What is required: Please output exactly the part of the records below that opens with the line containing "کاما در آبان" and closes with the line containing "(a) An intraoral", both lines included, and nothing else.

Excerpted data:

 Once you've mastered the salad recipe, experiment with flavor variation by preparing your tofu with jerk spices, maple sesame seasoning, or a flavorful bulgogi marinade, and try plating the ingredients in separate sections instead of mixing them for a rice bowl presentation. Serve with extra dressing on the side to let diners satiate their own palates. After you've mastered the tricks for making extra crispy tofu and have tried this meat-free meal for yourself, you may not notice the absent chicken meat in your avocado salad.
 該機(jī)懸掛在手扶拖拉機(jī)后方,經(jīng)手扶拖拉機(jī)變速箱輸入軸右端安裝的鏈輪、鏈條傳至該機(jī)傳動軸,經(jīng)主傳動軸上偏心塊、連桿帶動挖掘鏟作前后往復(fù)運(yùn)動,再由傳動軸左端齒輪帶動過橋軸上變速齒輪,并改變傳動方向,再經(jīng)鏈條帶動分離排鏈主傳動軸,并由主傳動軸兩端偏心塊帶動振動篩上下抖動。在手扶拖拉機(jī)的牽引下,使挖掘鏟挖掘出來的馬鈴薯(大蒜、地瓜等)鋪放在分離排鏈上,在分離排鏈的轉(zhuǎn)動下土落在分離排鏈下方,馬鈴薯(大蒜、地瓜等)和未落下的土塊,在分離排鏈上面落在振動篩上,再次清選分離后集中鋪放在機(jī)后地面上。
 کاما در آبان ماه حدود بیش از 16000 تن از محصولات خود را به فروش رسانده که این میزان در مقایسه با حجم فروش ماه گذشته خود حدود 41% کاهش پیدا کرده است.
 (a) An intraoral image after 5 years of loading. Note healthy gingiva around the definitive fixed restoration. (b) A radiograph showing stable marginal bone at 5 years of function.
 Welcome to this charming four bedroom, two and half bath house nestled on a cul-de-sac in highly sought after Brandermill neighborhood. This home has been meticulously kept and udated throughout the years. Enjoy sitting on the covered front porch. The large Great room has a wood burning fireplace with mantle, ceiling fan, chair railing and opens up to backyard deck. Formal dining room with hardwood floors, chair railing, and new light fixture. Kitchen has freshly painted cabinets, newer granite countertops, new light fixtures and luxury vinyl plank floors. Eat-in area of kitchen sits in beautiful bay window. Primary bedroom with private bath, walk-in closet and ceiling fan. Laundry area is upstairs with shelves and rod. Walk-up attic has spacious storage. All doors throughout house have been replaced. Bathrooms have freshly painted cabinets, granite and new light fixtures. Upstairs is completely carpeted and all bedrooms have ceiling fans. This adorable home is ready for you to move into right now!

Reply:
 کاما در آبان ماه حدود بیش از 16000 تن از محصولات خود را به فروش رسانده که این میزان در مقایسه با حجم فروش ماه گذشته خود حدود 41% کاهش پیدا کرده است.
 (a) An intraoral image after 5 years of loading. Note healthy gingiva around the definitive fixed restoration. (b) A radiograph showing stable marginal bone at 5 years of function.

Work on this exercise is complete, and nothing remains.